CAESAR SALAD DRESSING

Ingredients

  • 1/2 cup hummus
  • 1/4 cup vegan mayo
  • 1 tbsp dijon mustard
  • 1 tsp garlic powder
  • 1 tbsp caper brine + 2 tbsp capers
  • 2 tbsp vegan parm
  • 1/4 tsp salt
  • 1/2 tsp black pepper
  • 1/2 lemon, juiced
  • 1 tbsp nutritional yeast

Directions

  1. Combine everything in a bowl and mix to combine.
  2. Toss with romaine lettuce and your tofu bacon and dig in!
Tofu Skin Katsu

YUBA KATSU WITH SQUASH CURRY

Ingredients

  • 1 package of tofu skin (bean curd)
  • 1 cup non-dairy milk
  • 1/2 cup flour
  • 1 cup panko breadcrumbs
  • 1 cup vegetable oil for frying (or air fry)
  • Flakey salt
  • 2 tbps oil
  • 1 small squash, small diced
  • 1 onion, diced
  • 4 garlic cloves, minced
  • 2 potatoes, diced
  • 1 tsp salt
  • ½ package of Japanese curry pack
  • 3-4 cups of water

Katsu Sauce:

  • 1/2 cup ketchup
  • 2 tbsp soy sauce
  • 1 tbsp maple syrup
  • 1 tbsp rice wine vinegar
  • 1 tsp miso paste
  • 1 tsp garlic powder
  • Serve with rice and green onions

Directions

  1. In three separate bowls, add oat milk, flour and panko breadcrumbs. Preheat your veg oil until hot (375F), using a high wall heavy pot. Or fry in an air fryer.
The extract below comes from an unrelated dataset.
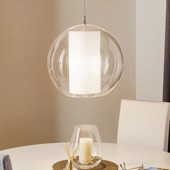 Γεωμετρικά σχεδιασμένο κρεμαστό φωτιστικό Bolla με υφασμάτινο εσωτερικό κάλυμμα Η διαφάνεια και η γεωμετρία είναι οι λέξεις-κλειδιά που έρχονται στο μυαλό σχετικά με την εμφάνιση του κρεμαστού φωτιστικού Bolla. Το σφαιρικό εξωτερικό κάλυμμα που ανοίγει προς τα κάτω είναι κατασκευασμένο από διαφανές πλαστικό και παρέχει θέα στο κυλινδρικό εσωτερικό κάλυμμα από λευκό ύφασμα, το οποίο φιλοξενεί την πηγή φωτός. Ο μινιμαλιστικός σχεδιασμός φαίνεται πολύ λεπτός όσο το φως είναι σβηστό. Όταν το φως είναι αναμμένο, λάμπει σε όλο το δωμάτιο και παρέχει αρμονικό φωτισμό χωρίς θάμβωση. Το φως μπορεί επίσης να χαμηλώσει με τη χρήση ενός εξωτερικού ροοστάτη - σχεδιασμένο από: Grasselli & Modo Luce R&D Το κρεμαστό φωτιστικό Bolla κατασκευάστηκε από την ιταλική εταιρεία Modo Luce, η οποία αντιπροσωπεύει δημιουργικές λύσεις φωτισμού που υλοποιούνται σύμφωνα με το σύνθημα "Δίνουμε στο φως μορφή".

Test the oil by dropping a pinch of flour or panko breadcrumbs into the oil, if it bubbles right away, it’s ready.
  2. Cut the tofu skin into 3-4 evenly sized pieces. Dredge in flour, then oat milk, and then panko. Make sure to pat the tofu skin so the panko sticks really well. Gently place in the oil and cook until golden brown. Flip and cook until golden brown all over. This should take 3-5 minutes per side. Remove and top with salt and set aside to cool slightly. Repeat with the rest of the tofu skin.
  3. In a pot, make the squash curry by heating it over medium heat, add the oil, warm for a few seconds. Add the vegetables and 1 tsp of salt. Toss to combine. Add the curry paste and water. Bring to a boil and lower to a simmer until the squash and potatoes are fully cooked and is fork tender.
  4. Serve with rice, a ladle of the curry and a crispy piece of katsu. Garnish with green onions and Katsu sauce.
Cream of Mushroom Soup

CREAM OF MUSHROOM SOUP

Ingredients

  • 1 tbsp olive oil
  • 1 onion, diced
  • 4 garlic cloves, minced
  • 750g of mushrooms, finely chopped
  • 1 tbsp dried thyme
  • 1/2 cup white wine
  • 4 cups vegetable stock
  • 1 cup cashews
  • 1 1/2 cup water
  • Salt and pepper to taste

Directions

  1. Add the vegetable stock and your cashew cream, stir to combine. Bring to a boil and allow to simmer until heated through. Taste and adjust the seasoning. Enjoy!
  2. In a large pot, heat over medium heat. Once hot, add the olive oil and onions, and cook for 2 minutes, season with a pinch of salt. Add the garlic and cook for 1 minute. Add the mushrooms and thyme and cook for 3-5 minutes, or until the mushrooms have some nice colour and all the moisture is cooked out.
  3. Add the white wine and cook until most of the liquid is cooked down. Scrape along the bottom of the pot to pick up all the brown bits. Add another pinch of salt and pepper.
  4. Add a few ladles of the soup into a blender and blend until smooth. Add back to the rest of the soup.
  5. In a blender, combine the cashews and 1 1/2 cups of water. Blend until very smooth.